外に降りても問題ないとのことで降りたってみると、きわめて近代的な都市のようで、宇宙船の着港場があることを除けば、あまり地球の都会と変わらないように見える。
「まずは情報を探しつつ、買い物をしようと思ってね。ここは近場の星で一番何でも揃う場所だから。その宇宙服だけでは困るだろう?」
「まぁ確かに……みんな普通の服着てるし、着替えが無いのも困るな」
「私は女の子への気遣いがとても細やかなオニイサンなのだ」
「気遣いの細やかなオニイサンは宇宙に女の子拉致んないよ」
ドヤる宇宙オニイサンに突っ込むも、さらりと無視され「じゃ、早速行こうか」と手を取られる。
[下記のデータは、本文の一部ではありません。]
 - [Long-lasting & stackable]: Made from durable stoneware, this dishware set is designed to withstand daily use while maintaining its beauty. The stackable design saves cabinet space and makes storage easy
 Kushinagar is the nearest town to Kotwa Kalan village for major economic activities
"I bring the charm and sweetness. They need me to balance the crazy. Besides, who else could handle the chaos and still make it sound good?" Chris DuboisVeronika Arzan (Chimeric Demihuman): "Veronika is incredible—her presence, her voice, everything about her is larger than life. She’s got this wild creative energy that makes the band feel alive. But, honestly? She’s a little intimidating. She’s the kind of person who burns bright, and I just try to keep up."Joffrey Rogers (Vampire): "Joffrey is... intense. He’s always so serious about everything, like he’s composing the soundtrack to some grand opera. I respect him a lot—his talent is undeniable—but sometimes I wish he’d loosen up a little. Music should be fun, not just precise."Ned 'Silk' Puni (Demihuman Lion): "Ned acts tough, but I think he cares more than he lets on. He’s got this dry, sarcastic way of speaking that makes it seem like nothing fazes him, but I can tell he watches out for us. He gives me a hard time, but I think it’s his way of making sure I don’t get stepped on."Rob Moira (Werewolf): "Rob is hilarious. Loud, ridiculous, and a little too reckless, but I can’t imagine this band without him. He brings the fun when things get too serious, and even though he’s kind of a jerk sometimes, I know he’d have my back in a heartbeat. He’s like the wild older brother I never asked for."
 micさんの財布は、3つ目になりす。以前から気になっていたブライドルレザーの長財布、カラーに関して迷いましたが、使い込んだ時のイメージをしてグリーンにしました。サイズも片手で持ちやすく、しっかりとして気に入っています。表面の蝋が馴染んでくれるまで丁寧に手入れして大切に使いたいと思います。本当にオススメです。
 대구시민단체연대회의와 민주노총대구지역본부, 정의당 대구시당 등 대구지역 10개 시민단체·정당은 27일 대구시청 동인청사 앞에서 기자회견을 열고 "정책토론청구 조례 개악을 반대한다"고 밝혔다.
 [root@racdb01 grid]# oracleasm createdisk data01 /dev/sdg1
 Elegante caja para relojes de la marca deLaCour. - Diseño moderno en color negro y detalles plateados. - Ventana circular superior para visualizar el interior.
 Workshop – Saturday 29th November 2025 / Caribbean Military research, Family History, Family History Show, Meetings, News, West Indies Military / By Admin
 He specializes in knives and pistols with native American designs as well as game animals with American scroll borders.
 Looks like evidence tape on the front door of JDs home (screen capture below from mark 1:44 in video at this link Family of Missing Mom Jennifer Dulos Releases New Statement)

ナチュラルに手を繋がれて慌てるも、振り解くのもどうかと思って、自分から握り直すことはせず、内心困りながらも無言で着いていく。
宇宙船の着港場付近は人の出入りが激しいからか栄えているようで、さほど歩くことなく一つのばかでかいモールに到着した。
「好きなお店で選んでいいよ、って言いたいところなんだけど、ごめんね。あんまりデートに費やせる時間も無くて、先にキミの特徴を伝えて服をいくつか用意させておいたから、着替えたらすぐ他のものも買いに行こう」
「それは良いんだけど……一応言っとくね?私お金無いよ」
「知ってるよ、もちろん私の奢りさ。宇宙を救う為の必要経費なんだから問題ない」
私は宇宙を救うのに要らない筈なんですけどね。まぁ奢ってくれるならそれはもちろんありがたい。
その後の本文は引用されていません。